I'm not an expert and all that, but what gender of betta would you get? Cause I would wonder if the neons would stress about the betta in the tank? I not anexpert, though, so yeah.


----------



## Ghost Knife (Mar 12, 2008)

dragonfly26 said:


> I have a 29 gallon tank that i would like to set up sometime in the future. I was thinking of some ideas of what to put in it, and was thinking of putting 1 betta, 6-8 neon tetras, 5-6 guppies (not the fancy ones so the betta wont attack them), and a few ghost shrimp. My question is not whether they would be compatible, because i have read in any places that that combination would be able to work. instead i just want to know if that's overcrowding. I don't think it's too many fish since the tank is pretty spacey, and the fish im thinking of adding are fairly small, but anyways i would like to get someone else's opinion.
> Thanks


This would work fine, but make sure you get a female Betta. Also, you need an algae eater of some kind and I would suggest 2-3 Apple Snails or a Bristlenose Pleco. Also, I would go with about 10 Neons instead of 6-8.


----------



## dragonfly26 (Jun 17, 2011)

I'm not sure which gender of betta i would get. I guess a female would be okay. I wouldn't want to get any snails though. I currently have a male betta in a 10 gallon tank. I had an apple snail in there, but the betta would always nip at the poor little snail whenever it would come out of its shell (i have cories and a ghost shrimp, and he gets along with them perfectly). I wouldn't want the snails to go through the same thing  . As an algae eater, i would have some ghost shrimp, they're awesome little cleaners, or maybe a few otos


----------



## emc7 (Jul 23, 2005)

The bio-load is reasonable, even if you increase the neons to 10-12. The trick is not to let the guppy population get out of control. I would skip the guppies and get 20 neons, but that's just me.

neons don't fit in bettas' mouths, but guppy fry do. Wonder if he would keep the population under control.


----------



## dragonfly26 (Jun 17, 2011)

I'm not dead set on getting guppies, I just want a small peaceful fish with different colors within its species (guppies can be orange, blue, yellow, etc,) So if you guys have any suggestions for small peaceful fish that i can keep with a betta and several neon tetras, and won't kill my ghost shrimp, that would be great


----------



## Cichlid Man (Jan 19, 2005)

I'd say it would be perfect without the fighter.....fighters often attack neons guppys and shrimps unless you get a lucky one.


----------



## dragonfly26 (Jun 17, 2011)

Cichlid Man said:


> I'd say it would be perfect without the fighter.....fighters often attack neons guppys and shrimps unless you get a lucky one.

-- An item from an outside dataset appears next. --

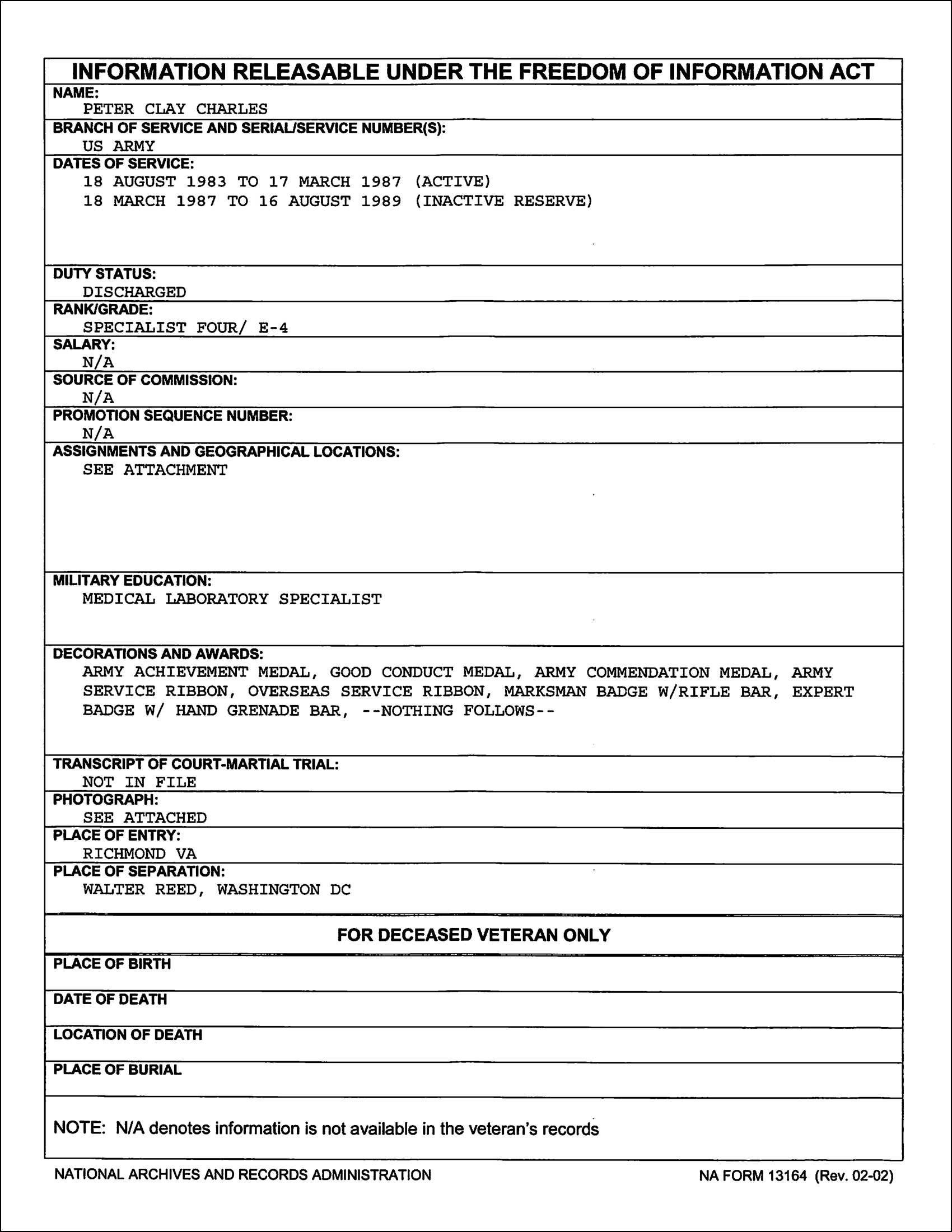 The folks at Military Phony sent us their work on Peter Clay Charles, a professor that has students that think he was a Green Beret.

I have a betta now that gets along with everything except snails and his own reflection  so i'll try my luck with the next betta. I'll introduce him last to reduce the chance of territorial behavior, and if i see he can't play nice with the others i would remove him into a tank of his own.


----------



## Betta man (Mar 25, 2011)

i THINK it will work fine. I THINK you could keep a male betta in with it. DON'T TRUST ME! RESEARCH AND GET MORE IDEAS.


----------



## ZebraDanio12 (Jun 17, 2011)

Yes and No. Depending on your betta, it may be able to or may not. My betta isn't aggressive at all and I have kept him with a bottom feeder and 2 African Dwarf Frogs. If your is not aggressive like some Bettas he should be fine as long as there is somewhere for him to get away if the other fish aggravate him. Like some type of cave or something. (Female bettas may be better)

The other fish should be fine together, like you said as long as the guppies aren't fancy. Make sure that you have places for the fish to escape, like the betta.

Good Luck!


----------